I have tried with multiple combinations of build commands but --use_fp8_context_fmha enable \ doesnt seem to work.

huggingface-cli download meta-llama/Llama-3.1-8B-Instruct --local-dir ./llama8b --exclude *original*

python3 /root/TensorRT-LLM/examples/quantization/quantize.py \
    --model_dir /root/llama8b \
    --dtype float16 \
    --qformat fp8 \
    --output_dir ./llama-8b-ckpt-fp8 \
    --calib_size 512

trtllm-build --checkpoint_dir ./llama-8b-ckpt-fp8 \
             --output_dir ./llama8b-engine \
             --gemm_plugin float16 \
             --gpt_attention_plugin float16 \
             --use_paged_context_fmha enable \
             --context_fmha enable \
             --use_fp8_context_fmha enable \
             --max_num_tokens 8192 \
             --max_seq_len 8192 \
             --max_batch_size 4

I am testing a basic example like this to see if use_fp8_context_fmha works.

So far I have tried on version 0.13.0, and version 0.14.0, and I receive this error when running the summarization test (also the run.py)

python3 /home/TensorRT-LLM/examples/summarize.py --engine_dir ./llama8b-engine \
                       --hf_model_dir  /home/llama8b \
                       --tokenizer_dir  /home/llama8b \
                       --test_trt_llm \
                       --data_type fp16 \
                       --batch_size 1 \
                       --output_len 400 \
                       --max_tokens_in_paged_kv_cache 100000 \
                       --kv_cache_free_gpu_memory_fraction 0.5
[TensorRT-LLM][INFO] [MemUsageChange] Allocated 1.76 MB GPU memory for runtime buffers.
[TensorRT-LLM][INFO] [MemUsageChange] Allocated 5.58 MB GPU memory for decoder.
[TensorRT-LLM][INFO] Memory usage when calculating max tokens in paged kv cache: total: 93.12 GiB, available: 82.98 GiB
[TensorRT-LLM][WARNING] Both freeGpuMemoryFraction (aka kv_cache_free_gpu_mem_fraction) and maxTokens (aka max_tokens_in_paged_kv_cache) are set (to 0.500000 and 100000, respectively).
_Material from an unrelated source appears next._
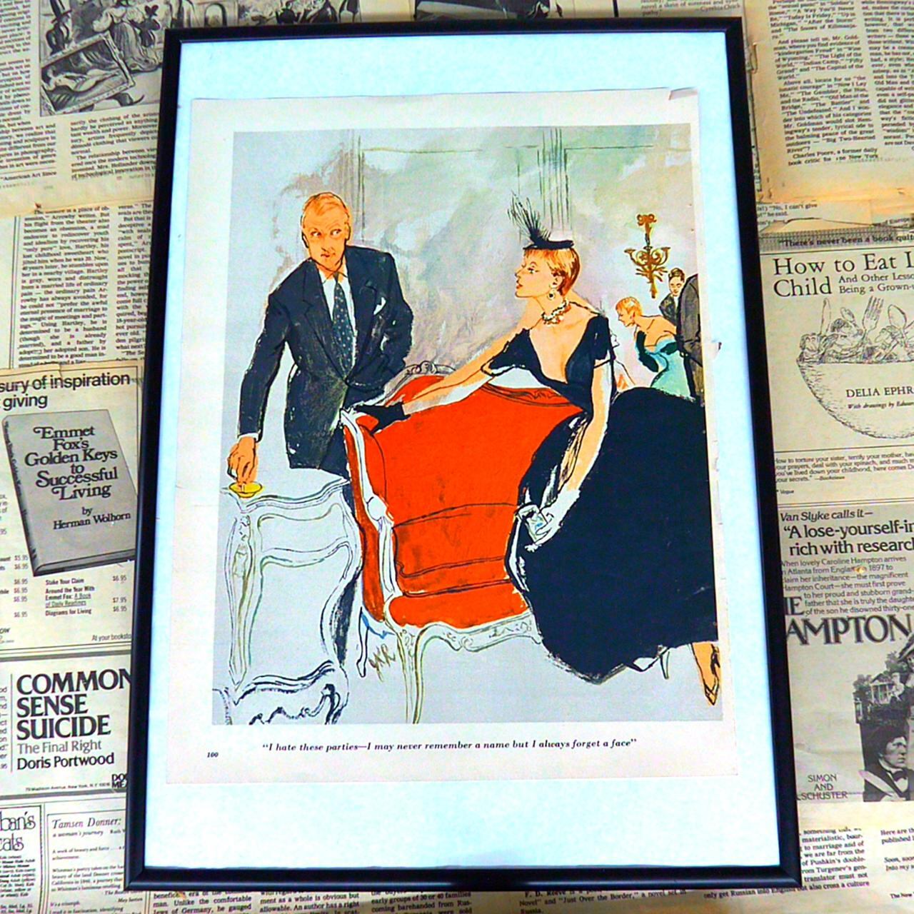 このイラストは、上品なパーティーの一場面を描いたものです。赤いソファに座り、黒いドレスを纏ったエレガントな女性と、その隣に立つタキシード姿の男性が配されています。背景にはロウソクの燭台や、さらに談笑する別の女性たちも描かれ、華やかな社交界の雰囲気が伝わります。イラストの下部には『このパーティーが嫌いなんだ——私は名前は思い出せなくても、顔はいつも忘れてしまう』というウィットに富んだキャプションがあり、上流階級の人々が頻繁に出会う社交イベントの皮肉や、軽いユーモアが表現されています。繊細な線と鮮やかな色使いが印象的で、当時のファッションや社交文化の雰囲気を味わえる一枚です。アートとしても、インテリアアクセントとしてもおすすめです。

The smaller value will be used.
[TensorRT-LLM][INFO] Number of blocks in KV cache primary pool: 1563
[TensorRT-LLM][INFO] Number of blocks in KV cache secondary pool: 0, onboard blocks to primary memory before reuse: true
[TensorRT-LLM][INFO] Max KV cache pages per sequence: 128
[TensorRT-LLM][INFO] Number of tokens per block: 64.
[TensorRT-LLM][INFO] [MemUsageChange] Allocated 12.21 GiB for max tokens in paged KV cache (100032).
[TensorRT-LLM][INFO] Enable MPI KV cache transport.
[11/14/2024-14:20:40] [TRT-LLM] [I] Load engine takes: 2.463017225265503 sec
[h100:15728] *** Process received signal ***
[h100:15728] Signal: Segmentation fault (11)
[h100:15728] Signal code: Address not mapped (1)
[h100:15728] Failing at address: (nil)
[h100:15728] [ 0] /lib/x86_64-linux-gnu/libc.so.6(+0x42520)[0x76f0b0642520]
[h100:15728] *** End of error message ***
Segmentation fault (core dumped)

Does this mean --use_fp8_context_fmha enable is broken and doesnt work overall?

Can someone help me fix this?

Thanks

avianion commented 1 week ago

@hello-11 @AdamzNV @ncomly-nvidia @pcastonguay any idea?